Phasing, Model Building, and Refinement

Molecular replacement for the native GABA-AT was carried out using the program Phaser[31] from CCP4[32] software suite, using the previously reported coordinates of GABA-AT from pig liver (PDB ID: IOHV) as the starting search model. The initial Rfree and R factor of the correct solution were 0.1904 and 0.1934, respectively. The rigid body refinement was followed by restrained refinement using Refmac5.[33] Manual adjustment and modification of the structure based on electron density maps were performed using the program Coot.[34] The Rfree and R factor values of the final model were 0.1513 and 0.1766, respectively.

The data sets from the inactivated GABA-AT crystals were isomorphous to those of native GABA-AT. Therefore, rigid body refinement could be used directly, placing the previously refined native GABA-AT model into the asymmetric unit of inactivated GABA-AT crystals. Model building and refinements of the inactivated structures were carried out following the same protocol as the native structure. There were no ligand coordinates included in the refinement until the refinement converged. Without ligands built in, the Fo–Fc map shows a well-defined electron density supporting the existence of the bound ligand.

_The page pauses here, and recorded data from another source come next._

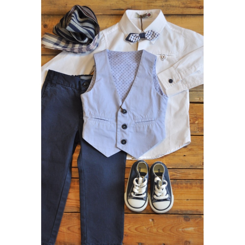 100% made in Italy.Η τιμή περιλαμβάνει το πουκάμισο με το παπιγιόν και το παντελόνι.
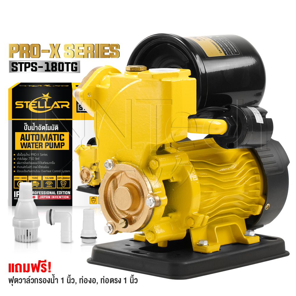 TOMA JAPAN ปั๊มน้ำออโต้ 750W รุ่นใหม่ PS-180 Gold แถมฟรี! ฟุตวาล์ว กะโหลกดูดน้ำ ข้อต่อท่องอ-ท่อตรง ครบชุด
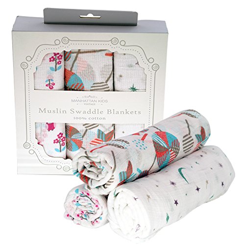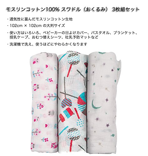Manhattan Kids おくるみ モスリンコットン製 スワドル 3枚セット ダブルガーゼ 出産祝い 赤ちゃん バスタオル ベビー ブランケット 新生児 ガーゼタオル 綿100% 毛布 箱入り 102cm×102cm (フクロウ・キャンデー・星月/3 Pack)
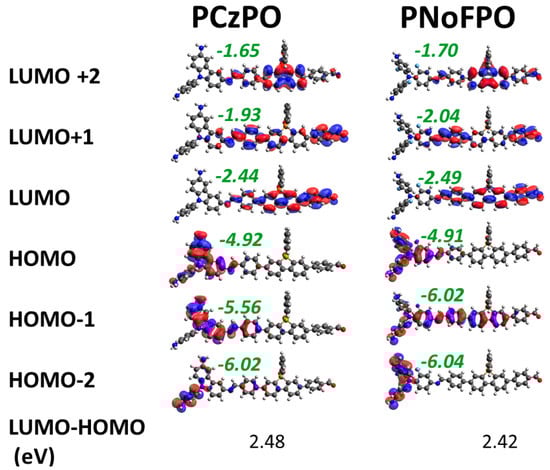 3D electron density distribution of the frontier orbitals of PCzPO and PNoFPO D-A moieties, computed at the B3LYP/6-311G(d,p) level of theory. Energy levels (eV) of each orbital is shown in green, and the HOMO-LUMO gaps are shown at the bottom of each column.
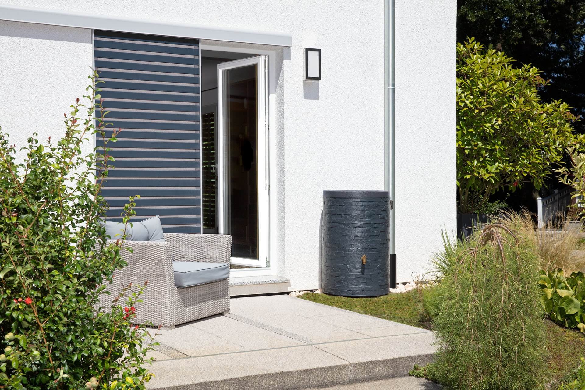 Ein Regenwasserbehälter ist Witterungseinflüssen und Sonneneinstrahlung ausgesetzt. Auf diese Bedingungen abgestimmte Materialien sorgen für eine lang anhaltend gute Optik.

The structure of the inactivator was made in the program ChemDraw generating a “Mol” file as the output. This output ligand structure was then regularized and its chemical restraints were generated in the program JLigand.[35] Using Coot, the inactivator was manually fit to the residual electron density in the difference (Fo–Fc) map. The complex structure with the ligand bound was further refined in Refmac5. The Rfree and R factor for the inactivated structure were 0.1575 and 0.1872, respectively.

Molecular Modeling

All renderings were performed in PyMol.[36] Computer simulations were carried out as previously described.[37] In essence, the ligands (including the cofactor) were docked into the active site of the prepared protein using Autodock 4.2,[38] with Lys329 being flexible. The best docked structures were then refined by molecular mechanics, using GROMACS 4.5.[39] The sequence utilized started with energy minimization, continued with molecular dynamics (4 ns), and had a final energy minimization step. The final structures were used for evaluation.